EXERCISE -
Your answer must restate the listing below word for word and contain no images.
START RECORDED DATA
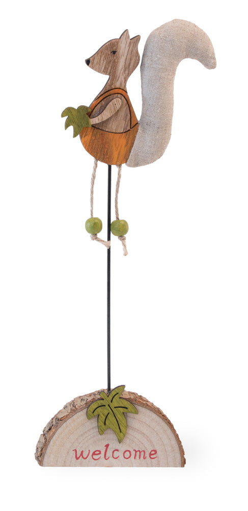 Bring playful woodland charm to your space with the Sal Pole Squirrel Orange, a metal figurine with ink-brushed details and a cheerful orange accent. Perched on a slim pole above a friendly “welcome” base, this whimsical squirrel delivers a lighthearted accent for shelves, planters, or tabletops. Approximate dimensions are 3 x 1 x 10 inches.
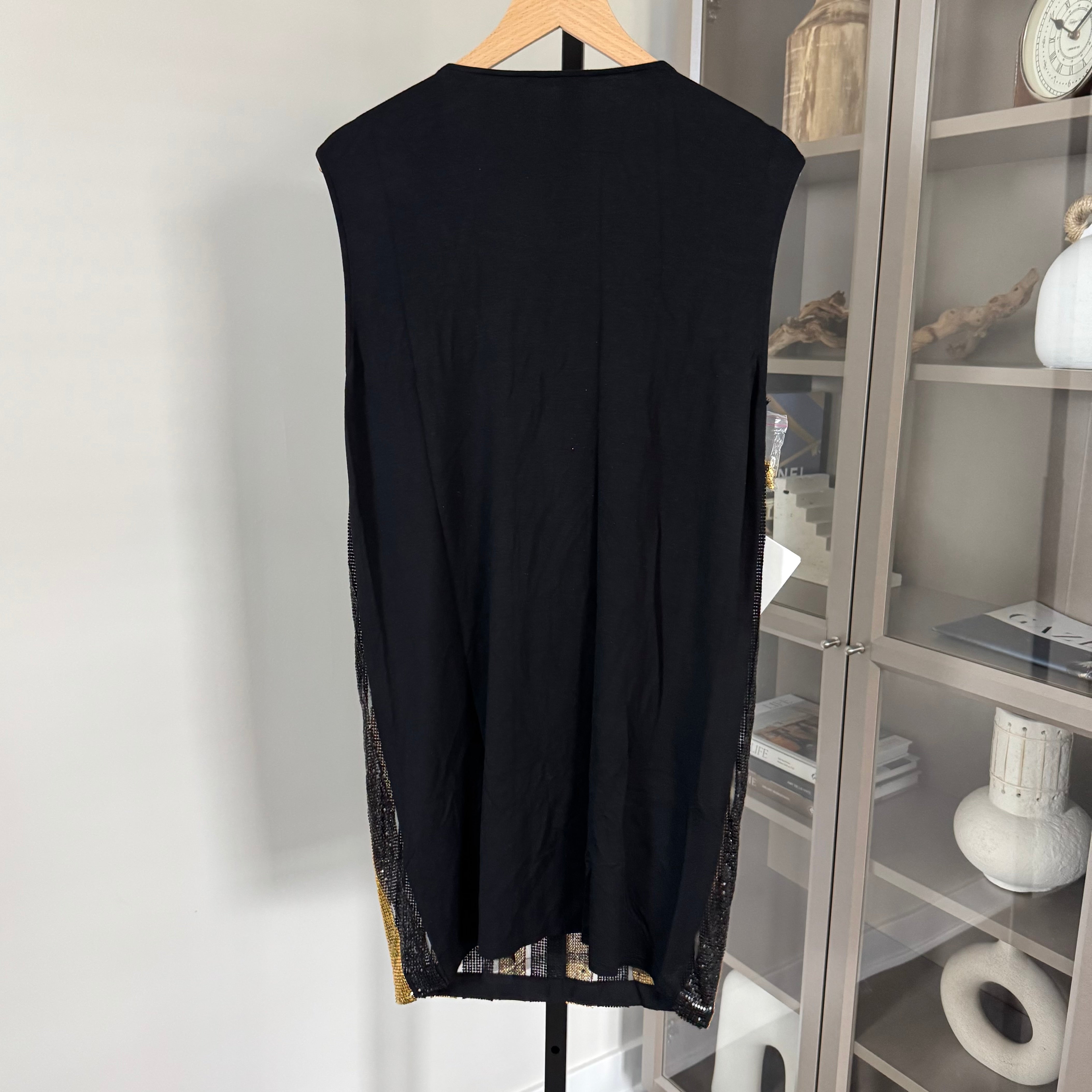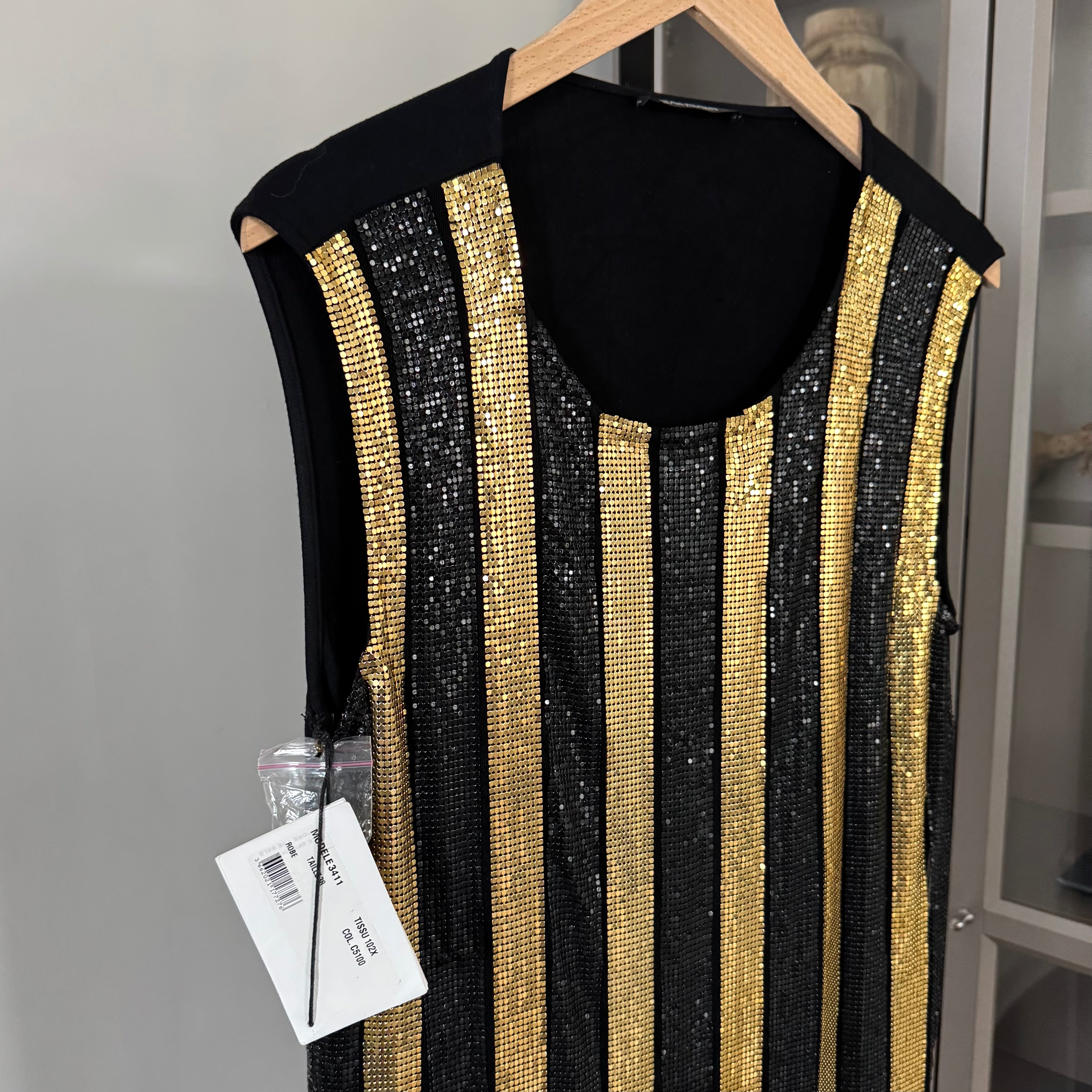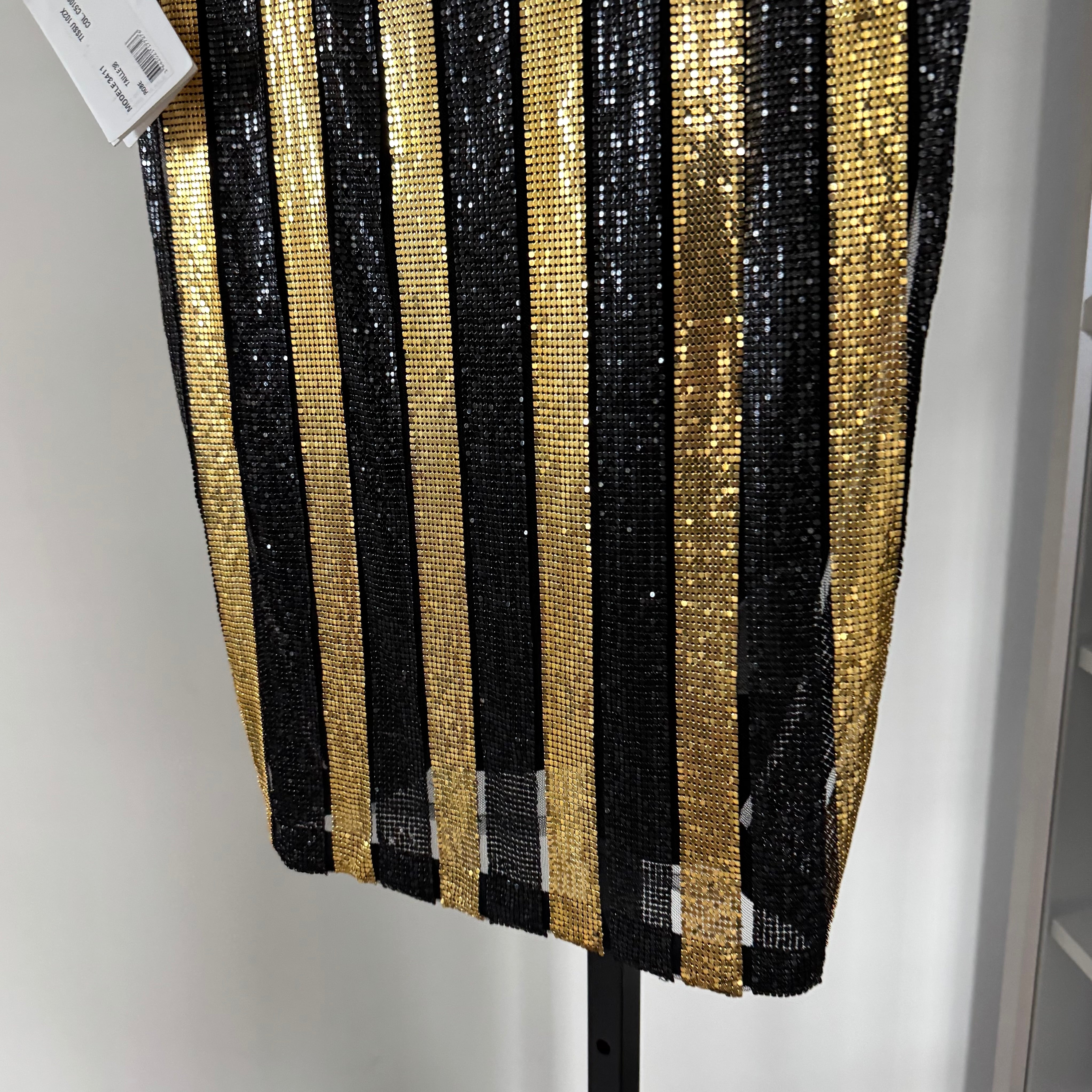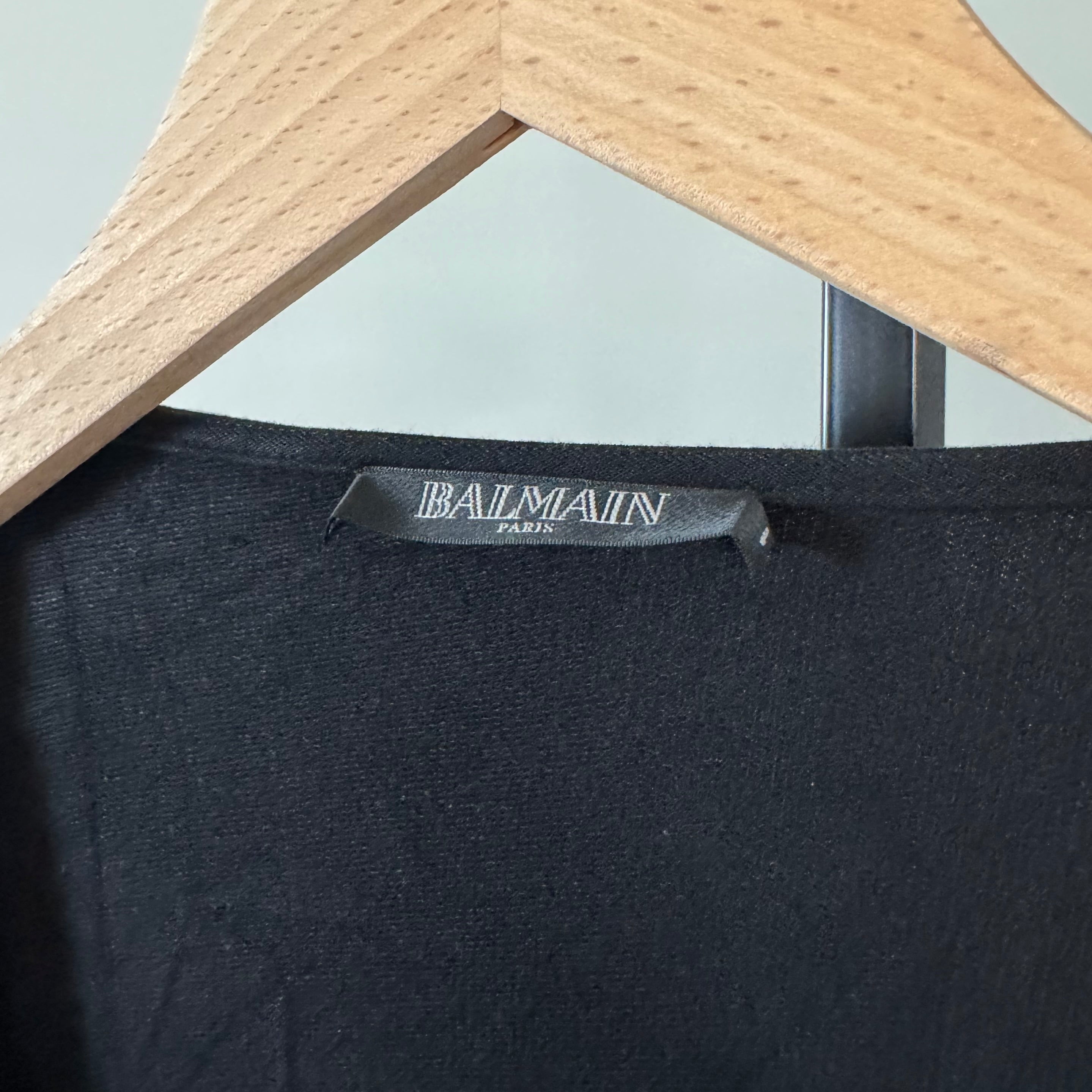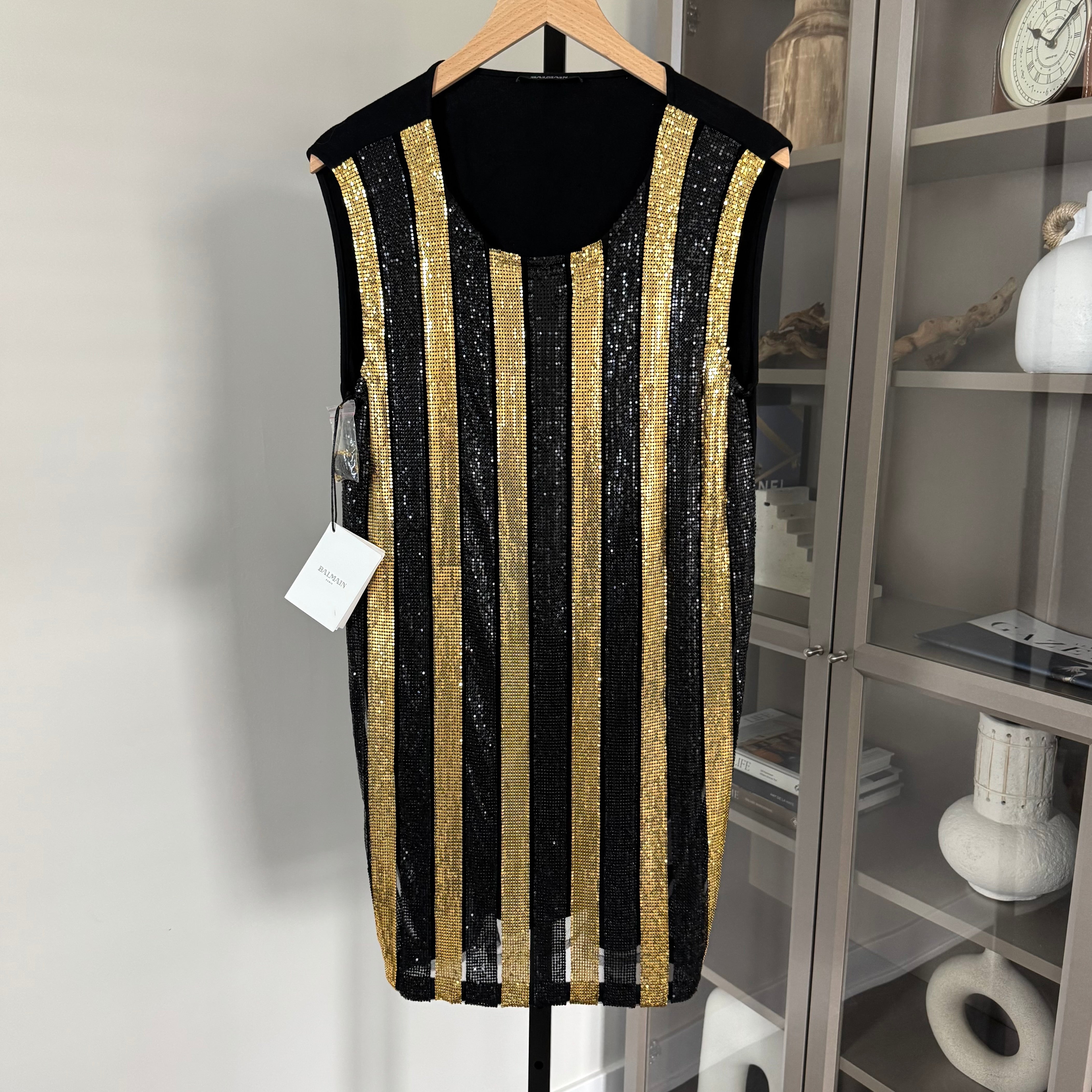 Balmain Black Jersey Knit Gold Black Paillette Embellished Mini Dress
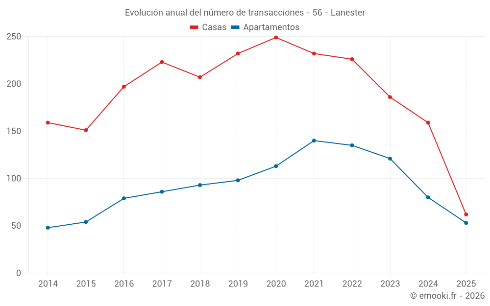 El precio mediano en las 25 transacciones de apartamentos de los últimos 3 meses en la comuna de Lanester fue de 2 568 € por metro cuadrado para un valor patrimonial medio de 160 000 €. Durante este período el 60% de las transacciones estuvieron entre 2 057 y 2 843 € por metro cuadrado (del 2º al 8º decil).
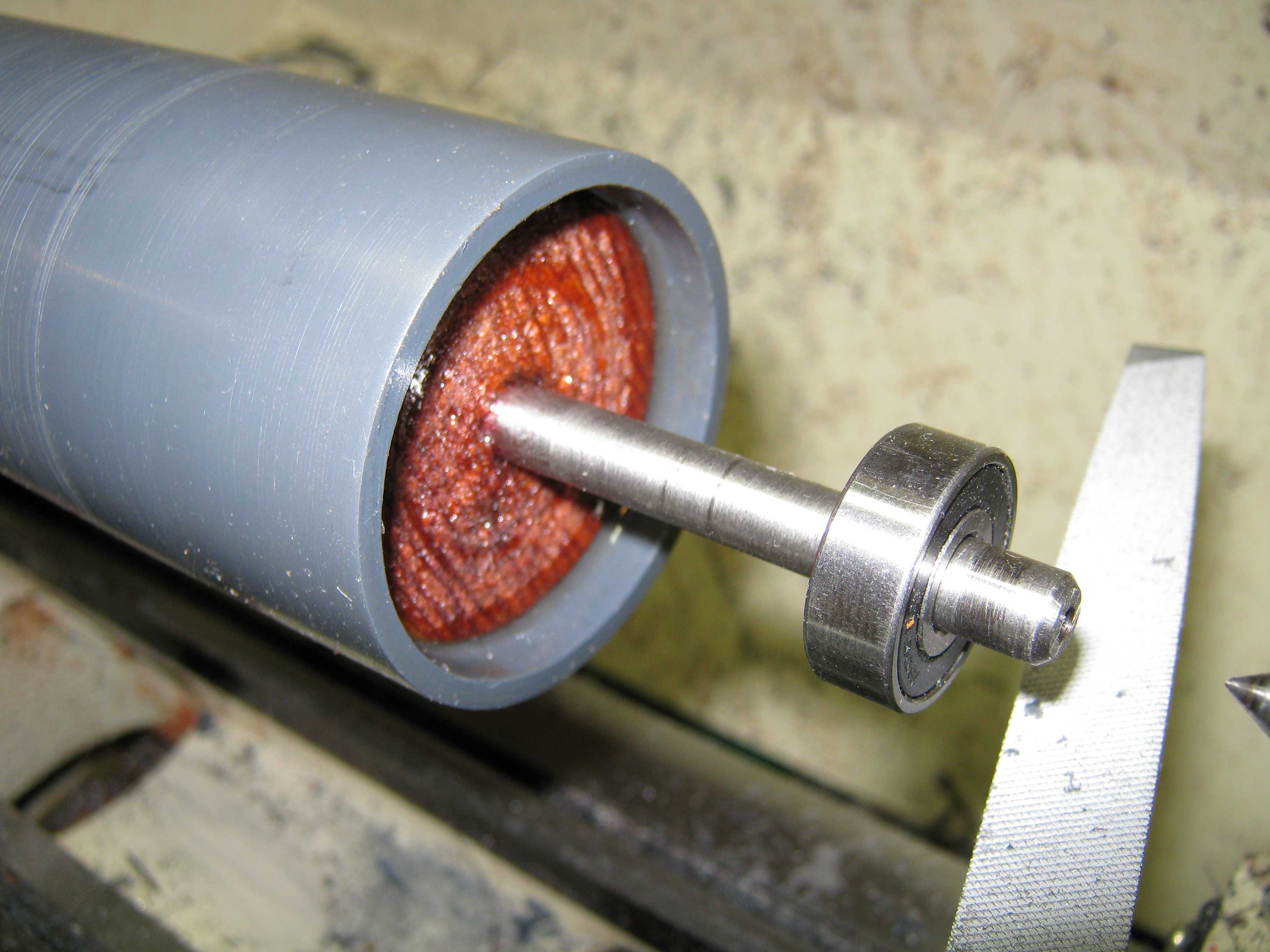 still enough material to make the core concentric with the axle. The axle must be used as the fiducial for concentricity. Finally, the core is smoothed with a file and then sanded for a close slip fit to the roller I.D (different for PVC and aluminum). |
END RECORDED DATA
RESPONSE TO THIS TASK -
 Bring playful woodland charm to your space with the Sal Pole Squirrel Orange, a metal figurine with ink-brushed details and a cheerful orange accent. Perched on a slim pole above a friendly “welcome” base, this whimsical squirrel delivers a lighthearted accent for shelves, planters, or tabletops. Approximate dimensions are 3 x 1 x 10 inches.
 Balmain Black Jersey Knit Gold Black Paillette Embellished Mini Dress
 El precio mediano en las 25 transacciones de apartamentos de los últimos 3 meses en la comuna de Lanester fue de 2 568 € por metro cuadrado para un valor patrimonial medio de 160 000 €. Durante este período el 60% de las transacciones estuvieron entre 2 057 y 2 843 € por metro cuadrado (del 2º al 8º decil).
 still enough material to make the core concentric with the axle. The axle must be used as the fiducial for concentricity. Finally, the core is smoothed with a file and then sanded for a close slip fit to the roller I.D (different for PVC and aluminum). |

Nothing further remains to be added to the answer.